Amnesty International collects facts each year about that other side. The organization's 2012 annual report on Saudi Arabia stated, "Planned protests inspired by events elsewhere in the region were ruthlessly suppressed and hundreds of people who protested or dared to call for reform were arrested; some were prosecuted on security-related and political charges. Thousands of people suspected of security-related offences remained in prison. The justice system and information about detainees, including prisoners of conscience, remained shrouded in secrecy, although it was clear that torture and grossly unfair trials continued. Cruel, inhuman and degrading punishments, particularly flogging, continued to be imposed and carried out. Women and girls faced severe discrimination in law and practice, as well as violence; increased campaigning for women's rights resulted in arrests as well as some small improvements. Foreign migrant workers continued to be exploited and abused by their employers, generally with impunity. At least 82 prisoners were executed, a sharp rise over the previous two years."

We travel by car through the city's congested streets. One of Gerber's projects here is a subway station, which will have a swooping roof lined with palm trees. It will also be one of the first metro stations in this city of 5 million, which currently has next to nothing in the way of public transportation.

Our drive takes us into the diplomatic quarter, to a meeting about the subway station project. This part of the city was constructed in the 1970s following a design drawn up by Frankfurt-based architect Albert Speer. Its loveliest building, the tent-shaped Tuwaiq Palace, was built in 1985 and is the work of Frei Otto, also German. Speer and Otto were pioneers here, and their diplomatic quarter bears the same light ocher hue as the rest of Riyadh.

Here, the architects, engineers and financial planners responsible for the subway station meet with two representatives of their client, a government department responsible for architecture. Around the table are two people from Saudi Arabia, one from Poland, one from Asia, three from England, one from Ireland and three from Germany. They form something of a miniature United Nations.

The meeting lasts for hours and a Pakistani employee serves tea and Middle Eastern pastries. Negotiations are underway concerning the project's costs, and it seems difficult -- they have disagreements.
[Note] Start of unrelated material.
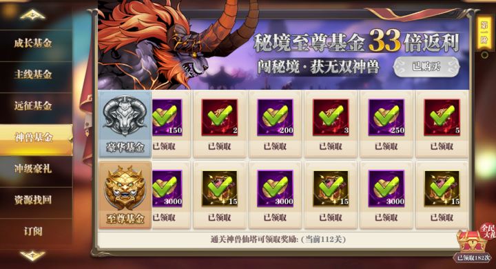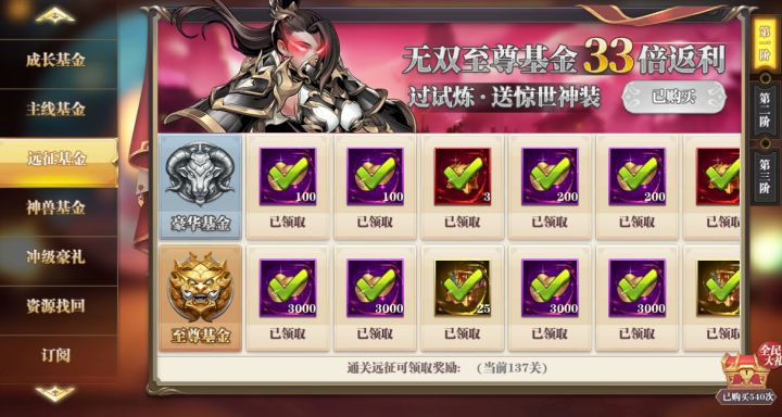 游戏内共有四款基金,分别为成长基金,主线基金,远征基金,神兽基金。成长基金共有两阶,完成一阶后开启二阶,基金奖励与主角等级相关,奖励为元宝。主线基金共有四阶,完成一阶后开启二阶,基金奖励与主线关卡相关,奖励为元宝,高级召唤令,金将碎片。远征基金共有三阶,完成一阶后开启二阶,奖励与远征的通关数相关,奖励为元宝,红色装备碎片和金色装备碎片。神兽基金仅有一阶,奖励与神兽仙塔层数相关,奖励为元宝,

Sharia Law in a German-Designed Courthouse

Later, Gerber will say that this is precisely what he believes in, this sort of clash, because conflict means that both sides change and develop. "Buildings are always the result of a joint effort," he says.

During a break in the meeting, the two local architects withdraw to a prayer room, while the rest of us remain in an outer room, contemplating models of construction projects currently underway in Riyadh. One appears hermetic, an almost entirely sealed cube.
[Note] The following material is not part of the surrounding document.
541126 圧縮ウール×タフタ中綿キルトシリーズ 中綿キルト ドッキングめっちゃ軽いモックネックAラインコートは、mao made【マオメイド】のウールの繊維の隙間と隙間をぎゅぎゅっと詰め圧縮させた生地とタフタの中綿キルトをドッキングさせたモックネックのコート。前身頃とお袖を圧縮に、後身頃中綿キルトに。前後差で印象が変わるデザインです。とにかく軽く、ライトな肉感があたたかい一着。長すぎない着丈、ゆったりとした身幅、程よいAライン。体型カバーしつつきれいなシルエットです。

"That will be the courthouse," Gerber says. "We entered the competition but didn't win."

"Who won?"

"Albert Speer."

Fourteen years ago, Albert Speer gave a SPIEGEL interview about himself and his father, also named Albert Speer, who was Hitler's architect and armaments minister. The younger Speer described a lifetime of being associated with his father's crimes, saying he understands why this is so, but at the same time that it isn't easy. It's not hard to sympathize with Speer -- children should never be blamed for their parents' deeds.

Yet successive generations do bear responsibility. And part of that responsibility involves asking whether a forward-thinking German architect should design a courthouse for Saudi Arabia, a country ruled by sharia law. Homosexuals can be executed here, as can adulterers.

In response, Gerber points out that the death penalty is applied in the US as well, and no one would reproach a German architect for building there. But the US has been a democracy for over 200 years and can't be compared to Saudi Arabia. The issue of whether a German architect should build a courthouse in Saudi Arabia, though, is much easier to resolve. And the answer is no.

The Simplest Things are the Hardest

The architects in the conference room are doing calculations now, in dollars, euros and Saudi riyals. Gerber says architects are always businesspeople as well -- he needs €600,000 ($800,000) a month to keep his business running. But, he says, for him constructing buildings is about more than just money. It is also about creating change.

It's warm in the conference room, despite the air conditioning. The female architect on Gerber's team says the Saudis present agree we can take off our veils, that this is allowed here inside the building.

Out on the street, though, we will hide ourselves once again. Religious police patrol outside, checking that everyone is following the dress code.

Later that day, we visit the library once again, to see if any of that change is visible yet.

Gerber and his team have created a public square in front of the library, 150 by 150 meters (490 by 490 feet). This is unusual for Riyadh, where the heat means everyone escapes indoors and public spaces are next to nonexistent. But a square is well suited for relaxation -- or for protests.

During the day, with the temperature at 41 degrees Celsius (106 degrees Fahrenheit), the square was empty. Now, in the evening, the temperature has dropped by four degrees Celsius (seven degrees Fahrenheit), the library is fully illuminated and the square is lovely, with its two lawns, palm trees and a ground-level fountain, also illuminated, in which children might play. But no one is there.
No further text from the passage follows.